There were hot spots at certain schools, but “that did not work successfully” for the Walkers due to scheduling conflicts with her and her husband’s jobs.
But the jetpack has provided better access than before, she added.
“That has helped some,” Walker said. “We are in a much better place than we have been.”
The county and the school division are both contributing part of the funds received from the American Rescue Plan Act to the broadband project, with the county investing $6.5 million and the school system contributing $5.5 million, according to a news release from the county.
The remaining $4.5 million will be covered through a revenue sharing agreement with RiverStreet Networks. All of the money generated through the agreement will be re-invested into additional broadband construction efforts, according to the news release.
The county and RiverStreet are pursuing additional funding opportunities and grants to expand the scope of the fiber-to-the-home network across the county.
In September, numerous individuals in the county wrote letters of support for the state grant, citing dire need for high-speed internet access.
“The citizens of Pittsylvania County have long suffered with little to no internet service in many of our rural areas,” wrote Tony Lundy, president and CEO of Mobile Container Service Inc., in the county.
Lack of internet service has also adversely affected Lundy’s business, he wrote.
“We have customers all over the U.S. and Canada,” he wrote to Tamarah Holmes, director of the Office of Broadband under the Virginia Department of Housing and Community Development VATI Program. “The lack of a fast internet service makes invoicing customers a slow process and has greatly hampered our growth and the amount of additional employees that we could hire.

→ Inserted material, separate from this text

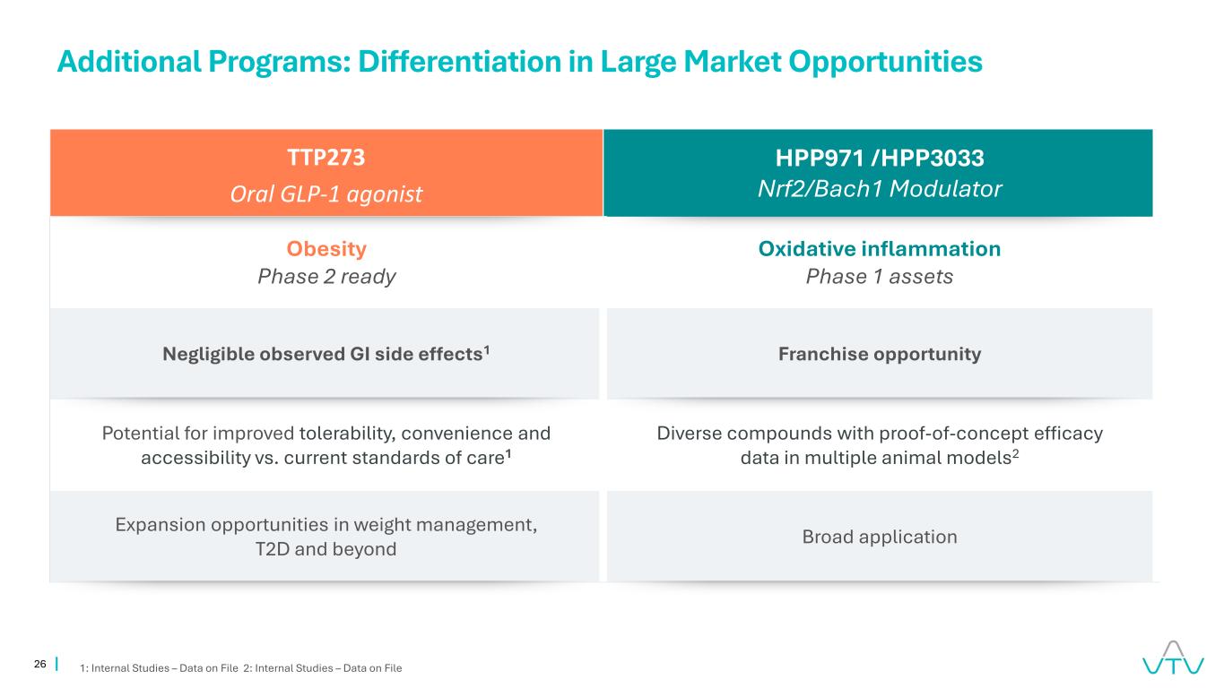 24 HPP737: Oral, Novel, Potent and Selective PDE4 Inhibitor 1. Internal Study Report provided by Newsoara – data on file; 2: vTv Internal Studies – Data on File; 3. Internal Studies – Data on File Phase 3 in psoriasis in China completed with once daily dosing 1 Ongoing long-term open label extension study in psoriasis (week 16-52) 1 Preclinical potency on par with or superior to competitor PDE4 inhibitors (e.g., OTEZLA, Amgen®)2 Did not cross the blood-brain barrier in preclinical studies2 No significant GI intolerance (nausea, vomiting, diarrhea)3 No need for titration3 Additional $20 M upfront Up to $41 M in development milestones Up to $35 M in sales-related milestones Royalties in the mid to upper single digits based on sales Global license effective upon payment of the $20M upfront fee Clinically Advanced Differentiated Profile Potential Newsoara Global Partnership
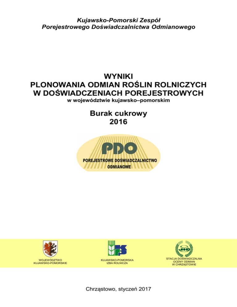 WYNIKI PLONOWANIA ODMIAN ROŚLIN ROLNICZYCH W

The local cable and internet providers have customers in Westbridge Farm within 250 feet of my office, but refuse to give us service because of the River Ridge Road address.”
In another letter to Holmes, Pittsylvania County Schools supervisor of Title 1/instructional programs Cedric J. Hairston wrote, “Pittsylvania is the largest land-area county in our state; therefore, many of our citizens in these identified areas suffer with little to no internet service. This became a major challenge over the past 18 months as many of our students in the division had to rely on an adult to take them to a school’s ‘hot spot,’ which was located as far as 15 miles from their home in order to receive or submit their lessons.”

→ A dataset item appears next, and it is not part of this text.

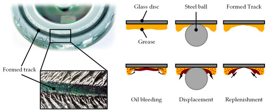 However, for an estimation of the service lifetime of grease lubricated rolling bearings, a fully flooded bearing and the corresponding base oil viscosity are commonly assumed [20]. This assumption results in an overestimation of the lubricating film thickness for rotational speeds in the range of starvation, which can lead to uncertainties in the bearing design. If the contact is not fully flooded, the lubricant supply is mainly determined by lubricant replenishment near the contact zone [21]. The mechanisms leading to the onset of starvation due to insufficient replenishment are explained in Figure 2 [18]. By shearing the grease during operation, bleed oil is released by the side-lying grease bulks and flows into the formed track and is available for the lubrication of the EHD contact [22,23]. The bleed oil is displaced by the rolling element and replenishes behind it, after an over rolling. This mechanism is referred to as replenishment and is mainly driven by surface tension as well as capillary forces [24,25,26]. At low rolling speeds, the bleed oil can completely replenish behind the rolling element and is available for the lubrication at the next over rolling. With higher rolling speeds, the time for the oil to replenish before the next over rolling is limited by the over rolling frequency. Thus, the lubricant supply decreases with higher over rolling frequency, which results in a lower film thickness than under fully flooded lubrication [21,24,25,26].
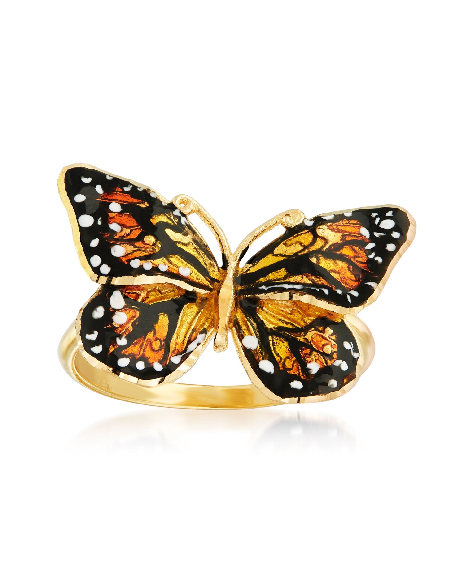 Ross-Simons Italian 18kt Yellow Gold Butterfly Ring With Enamel

Kim Haymore, principal at Stony Mill Elementary School, wrote to Holmes that parents with multiple children had to assign times for them to connect to the internet because their internet service would not support multiple users.
“This resulted in students missing several instructional lessons per day,” Haymore wrote, referring to virtual school that took place during the pandemic. “Parents should never be faced with deciding which child can receive instruction and which child cannot.”
Also, where internet service is available in county, it’s usually slow, unreliable and extremely sensitive to weather, she added.
“A simple rain shower or strong wind can take out internet service for hours,” she wrote. “This limits both teachers and students from accessing instructional materials while at home.”
But what about citizens who may not be able to afford high-speed internet, those for whom the added amenity would mean another bill?
Robert Taylor, business development manager for RiverStreet Networks, said the company has a discount program in place and is also signing up for the new Federal Communication Commission’s Affordable Connectivity Program.
The program will supply up to a $30 credit per month for internet service for eligible households, Taylor said. Other help will be offered to customers, as well, he said.
“Additionally, RSN knows that a major hurdle for low income households to get internet service is the one-time connection cost,” he added. “This is one reason why RSN covers the expense to connect any location within 2,000 feet of their fiber run and is also working with the state to hopefully cover ‘long loop’ fees in a new program that they are thinking about launching in the near future.”